• **Work task**:
For this task, copy all of the data below exactly and skip the pictures.
═════ Stored data ═════
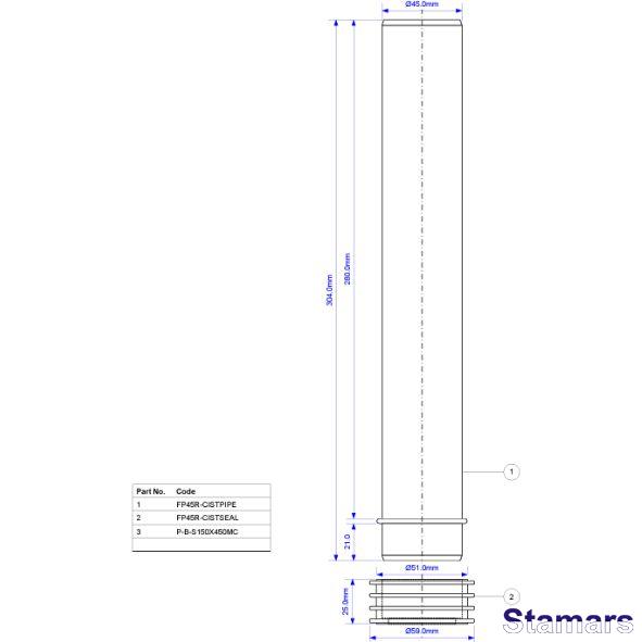 Padeves caurule L-304mm ar blīvi. Izmērs 59x45mm.
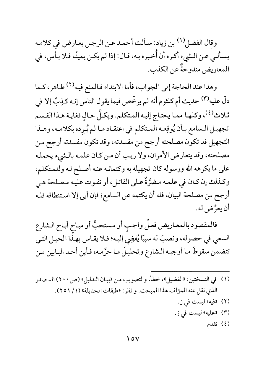 (¬١) في النسختين: «الفضيل»، خطأ، والتصويب من «بيان الدليل» (ص ٢٠٠) المصدر الذي نقل عنه المؤلف هذا المبحث. وانظر: «طبقات الحنابلة» (١/ ٢٥١).
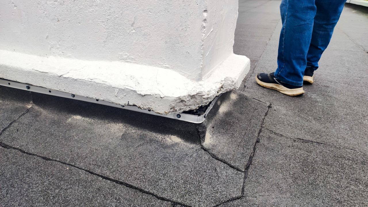 На фотографии показан узел примыкания рулонной кровли к стене вентшахты на эксплуатируемой плоской кровле многоквартирного здания. В кадре виден нижний участок стенового примыкания с металлическим прижимным профилем, зафиксированным на дюбель-саморезах, а также слой битумного рулонного материала, заведённого на вертикальную поверхность. На настиле заметны трещины в верхнем слое кровельного ковра, следы подсыпки и участки местного ремонта. Конструкция расположена на верхнем уровне крыши жилого дома типовой городской застройки. Такой узел является типовым решением для герметизации сопряжений при выводе инженерных шахт через кровлю и используется для защиты от проникновения влаги.
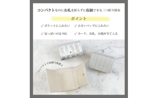 [№5258-8323]1134【 クロコ型キョロメミニウォレット / 全14色 】 思わず誰かに見せたくなるミニマムで大人カワイイコンパクト三つ折り財布 収容力 BOX型 カードケース カードたくさん アイボリー
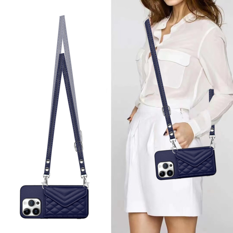 Funda para Teléfono iPhone 16 Pro Textura Rómbica con Tarjetero RFID y Cordón Largo (Azul)
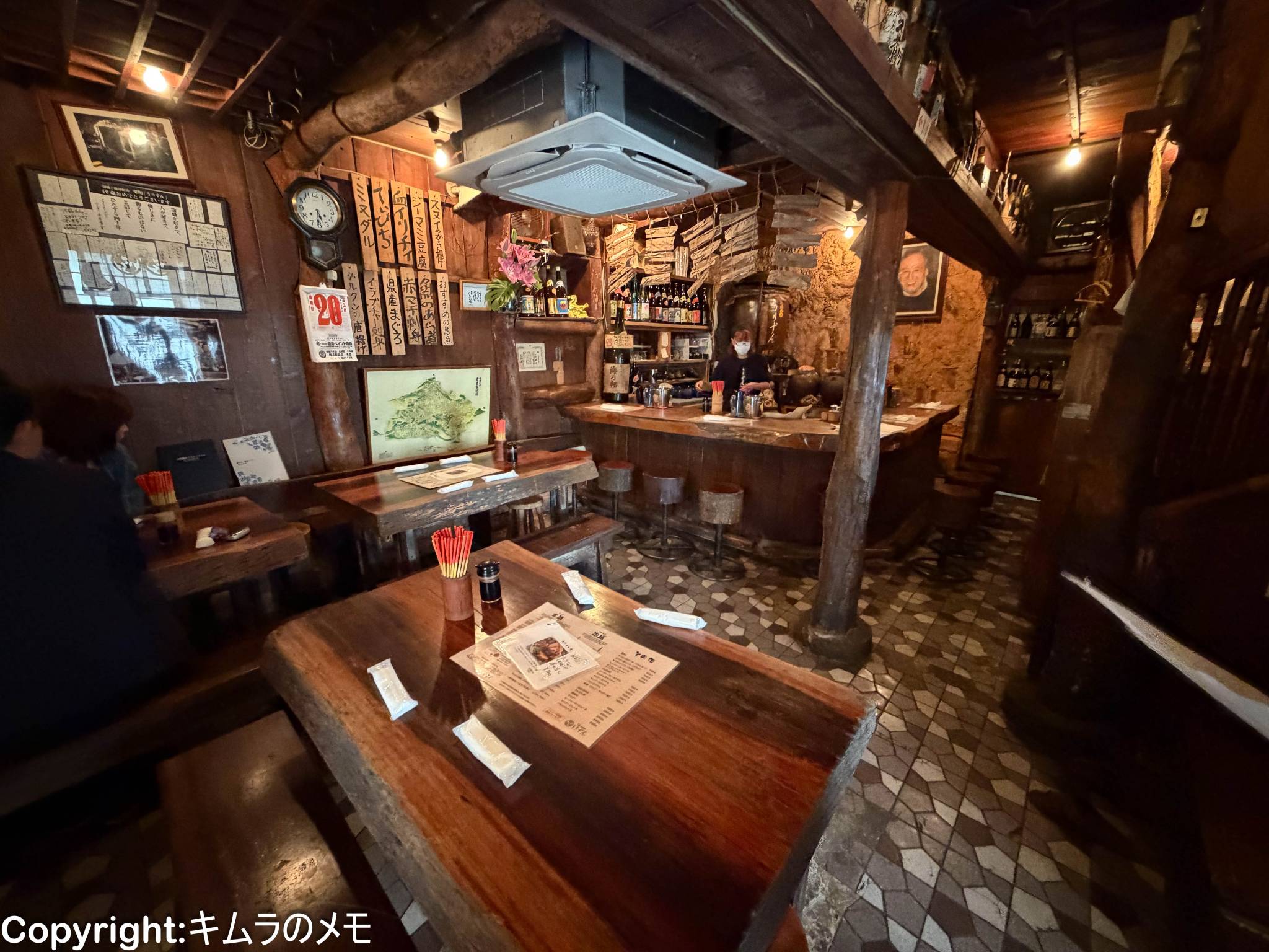 その店内は外観同様に雰囲気のある古民家となっており、泡盛が数多く陳列されているバーカウンターを囲むようにカウンター席が6席、4名掛けのテーブル席が3卓ある。
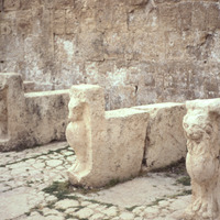 Jordan. Jerash. Macellum (Agora), decorated mensa legs inserted in a Byzantine structure
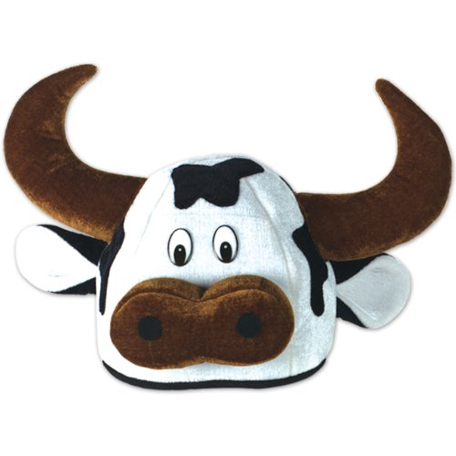 ReleaseDate : 2013-07-28 Studio : The Beistle Company Publisher : The Beistle Company Binding : Toy Product Description Beistle 60791 Plush Cow Head-Hat. Amuse your friends with this plush black and white cow hat. Our cow hat has a brown nose with a set of brown horns. Hat has a cloth lined crown and one size fits most. 0
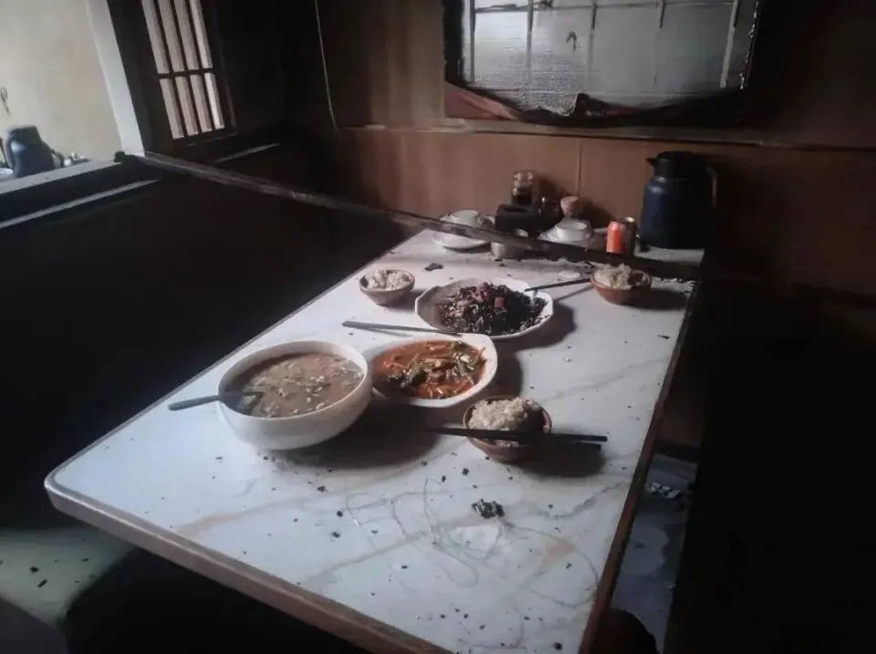 1、最先起火的地方以及火的蔓延。前面分析过了,大概率是大龙烧烤店的厨房,然后起火后引燃了抽排油烟管道,火向上窜了,在烧烤店内扑救其实意义不大。因为这个火是向上窜的,所以并没有蔓延到便利店和旁边的川菜馆,记者发现的这三家店内并没有过火,应该和这种情形有关;
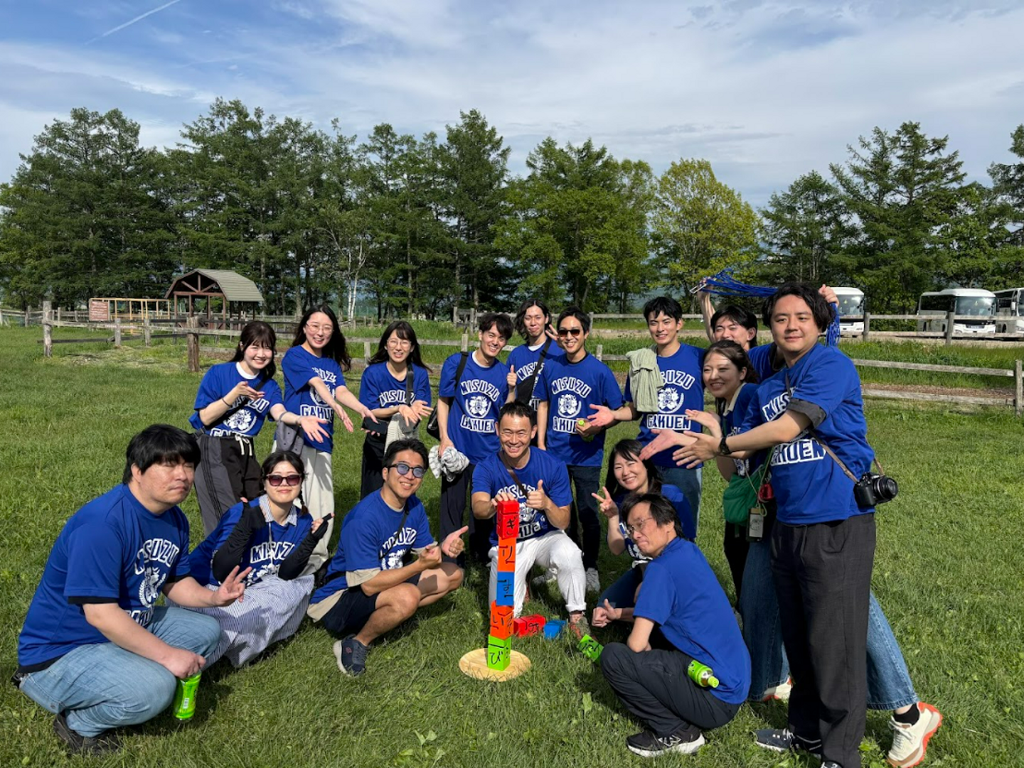 PACメンバーは「私立 三鈴学園」の生徒となり、入学~青春~卒業までを疑似体験するという旅行。社長の三室の「三」と、副社長の鈴村の「鈴」を合わせた学校名、そしてPACが大切にしている動物たちが入った校章に笑いと歓声があがりました。(校章もオリジナルで作成!)
═════
• **Solution for this problem**:
 Padeves caurule L-304mm ar blīvi. Izmērs 59x45mm.
 (¬١) في النسختين: «الفضيل»، خطأ، والتصويب من «بيان الدليل» (ص ٢٠٠) المصدر الذي نقل عنه المؤلف هذا المبحث. وانظر: «طبقات الحنابلة» (١/ ٢٥١).
 На фотографии показан узел примыкания рулонной кровли к стене вентшахты на эксплуатируемой плоской кровле многоквартирного здания. В кадре виден нижний участок стенового примыкания с металлическим прижимным профилем, зафиксированным на дюбель-саморезах, а также слой битумного рулонного материала, заведённого на вертикальную поверхность. На настиле заметны трещины в верхнем слое кровельного ковра, следы подсыпки и участки местного ремонта. Конструкция расположена на верхнем уровне крыши жилого дома типовой городской застройки. Такой узел является типовым решением для герметизации сопряжений при выводе инженерных шахт через кровлю и используется для защиты от проникновения влаги.
 [№5258-8323]1134【 クロコ型キョロメミニウォレット / 全14色 】 思わず誰かに見せたくなるミニマムで大人カワイイコンパクト三つ折り財布 収容力 BOX型 カードケース カードたくさん アイボリー
 Funda para Teléfono iPhone 16 Pro Textura Rómbica con Tarjetero RFID y Cordón Largo (Azul)
 その店内は外観同様に雰囲気のある古民家となっており、泡盛が数多く陳列されているバーカウンターを囲むようにカウンター席が6席、4名掛けのテーブル席が3卓ある。
 Jordan. Jerash. Macellum (Agora), decorated mensa legs inserted in a Byzantine structure
 ReleaseDate : 2013-07-28 Studio : The Beistle Company Publisher : The Beistle Company Binding : Toy Product Description Beistle 60791 Plush Cow Head-Hat. Amuse your friends with this plush black and white cow hat. Our cow hat has a brown nose with a set of brown horns. Hat has a cloth lined crown and one size fits most. 0
 1、最先起火的地方以及火的蔓延。前面分析过了,大概率是大龙烧烤店的厨房,然后起火后引燃了抽排油烟管道,火向上窜了,在烧烤店内扑救其实意义不大。因为这个火是向上窜的,所以并没有蔓延到便利店和旁边的川菜馆,记者发现的这三家店内并没有过火,应该和这种情形有关;
 PACメンバーは「私立 三鈴学園」の生徒となり、入学~青春~卒業までを疑似体験するという旅行。社長の三室の「三」と、副社長の鈴村の「鈴」を合わせた学校名、そしてPACが大切にしている動物たちが入った校章に笑いと歓声があがりました。(校章もオリジナルで作成!)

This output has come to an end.